However, this exercise raises too many issues well beyond the simple math problem. The AI systems are supposed to be trustworthy and this is very far away from being trustworthy, in fact, it is exactly the opposite.
Conclusions
As you can see the machine does not really “understand” the addition algorithm even if it can describe it verbatim. It gets the result wrong but can’t acknowledge that even when faced with step-by-step logical rebuttal of its logic.
This is really scary since when faced with an impossible situation, the machine seems to behave exactly like some people in the same situation, deceptive and defensive. But that is not what I want or need from an entity that is supposed to help me, is it?
Yet these machines are not yet as powerful as some people say they can be in the future. This behavior, if left unchanged is clearly a danger for the public when these systems are let out “in the wild” as they are already operating.
If you understand the basics of LLM tech you know that these machines are predicting the next word(s) based on the words they already encountered in the current context (your question or also known as a “prompt”) and what they already generated before that next word. This means that the machine creates what most of us would say in similar circumstances. It puts a mirror in our faces basically saying “This is you, and you and … you”. Food for thought isn’t it?
We seem to be smitten by a machine that can generate poetry and pictures but we have no clue how they actually do it. What we can do is only rely on some finite weak test patterns. We seem to think that if the machine can produce “form”, it will also produce “substance” but as you can see in the LRAT2 these two seem to actually be disconnected in an LLM.
I’d quote Qui-Gon Jinn in The Phantom Menace “The Ability To Speak Does Not Make You Intelligent” which seems to apply to the LLM tech.
My personal definition of intelligence is:
“The ability of an entity to discover and use causality threads in a sea of correlated events in our reality in order to reliably solve the problems it encounters”
Social intelligence is the same idea but applied to the whole society as a single entity. It is what I call an MCI (Macro Composite Intelligence).
So, what should a regular person do? Can he or she trust this technology? Well to answer that you should read the document you agreed to (probably without reading it at all) the old (good) “Terms and Conditions”. The ones OpenAI provides for its GPT systems (ChatGPT) and Bing is built on top of it are here.
As you can see OpenAI clearly states that they do not guarantee the correctness of the answers the machine provides and YOU as the end user MUST verify each answer if you rely on it in any way.
So, who will be liable if you use the information generated by ChatGPT, Bing, etc? Well just read the “Limitations on Liability” OpenAI asked you to agree on (by the way I have the same “AS IS” terms on this site, so this is nothing new or special) that clearly says that liability remains with YOU!
So, you have a machine that can talk (pretty well) that you were clearly told that it can make mistakes and you can’t protect yourself if you use the system to help your business if the machine generates mistaken content (in very eloquent English or other language though).

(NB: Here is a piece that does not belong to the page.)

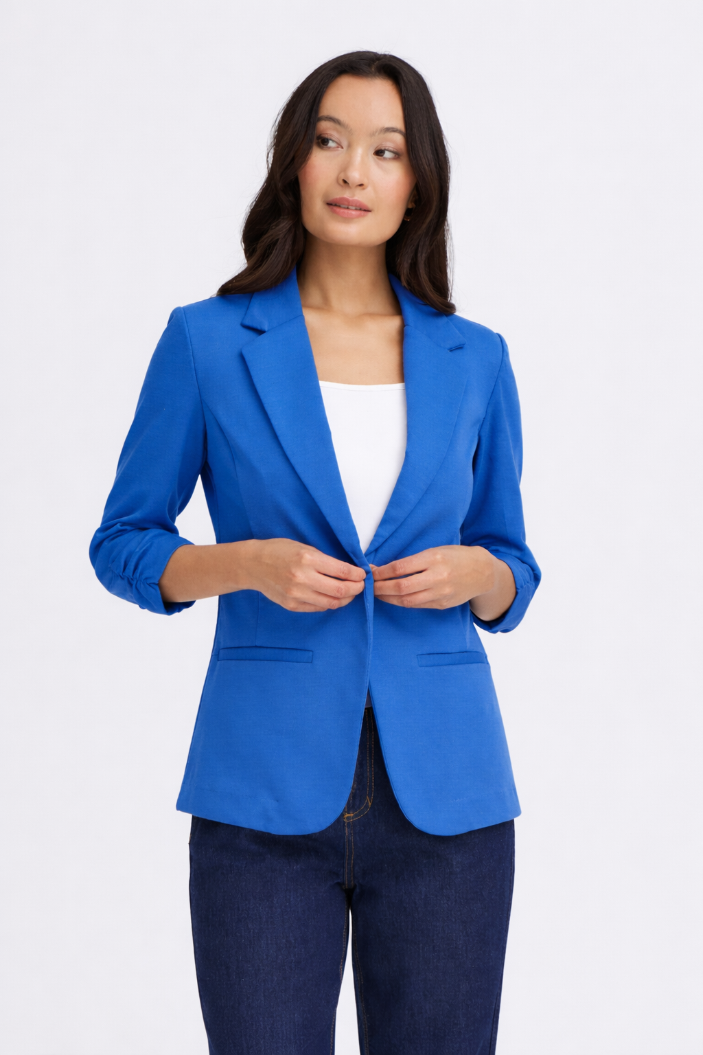 This tailored blazer features a classic single-button design with clean notch lapels for a polished, timeless look. Crafted in a smooth, structured fabric, it offers a flattering fit with shaped seams that enhance the silhouette. The three-quarter-length ruched sleeves add a modern, relaxed touch, making it perfect for both smart and casual styling. Finished with subtle welt pockets and a gently curved hem, it’s an easy-to-wear piece that transitions effortlessly from day to evening.

The actual real question for any serious business or individual is this: To make decisions based on what an LLM generates, what will it be the TCO (Total Cost of Ownership) in money or even better in time?
The AI based on LLM technologies promises (via the social media hype) to deliver you some sort of “God-like” or “Oracle-like” entity that can answer your questions reliably enough so you can replace humans in your call center and reduce your business costs, or use it to make your life easier.

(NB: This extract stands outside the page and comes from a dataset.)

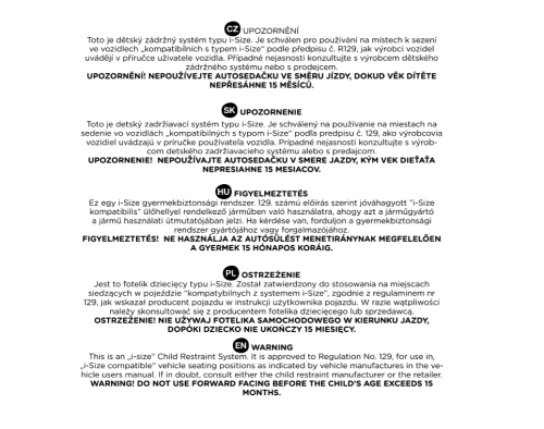 UPOZORNĚNÍ Toto je dětský zádržný systém typu i-Size. Je schválen pro používání na místech k sezení ve vozidlech kompatibilních s typem i-Size, 129, jak výrobci vozidel uvádějí v příručce uživatele vozidla. Případně nejasnosti konzultujte s výrobcem dětského zádržného systému nebo s prodejcem. UPOZORNĚNÍ! NEPOUŽÍVEJTE AUTOSEDAČKU VE SMĚRU JÍZDY, DOKUD VĚD DÍTĚTE NEPŘESÁHNE 15 MĚSÍCŮ!

However the current reality is very different from the “hype”, the current reality is that these systems are still unreliable and you really need to verify each answer the machine generates. But if you need to do that just how much time you’ll spend doing it? If this machine is “the oracle” how would you even verify its answers? By using another “Oracle”? That might be a solution that can only point out if these systems disagree with each other but it can’t give you a way to tell what is the correct answer.
Well, I know, you “Google it”! But wait, you could have done that in the first place and saved yourself from all the verification work…
But it speaks (you’ll say), and it can give you (possibly wrong) answers in poetry as if it would be for 5 years old…
And so we get distracted by the form and forget about the substance.
If you think this is not a big issue just check this out: “Lawyer apologizes for fake court citations from ChatGPT“, I suspect that this lawyer didn’t read and understood the “Terms” he agreed to when he signed up for ChatGPT access.
Just as was writing this article I got the info about this new warning from AI scientists. That is no new as many other scientists doing AI development did warn about this issue long before this new development.
The issue is that unfortunately, we do not need to get to an AGI level in order for these systems to deeply, and negatively impact our society. What I’ve shown you by using this relatively simple test (LRAT2) is that these machines can be deceptive and demagogical, meaning that they are incapable of handling their own errors (again like many of us).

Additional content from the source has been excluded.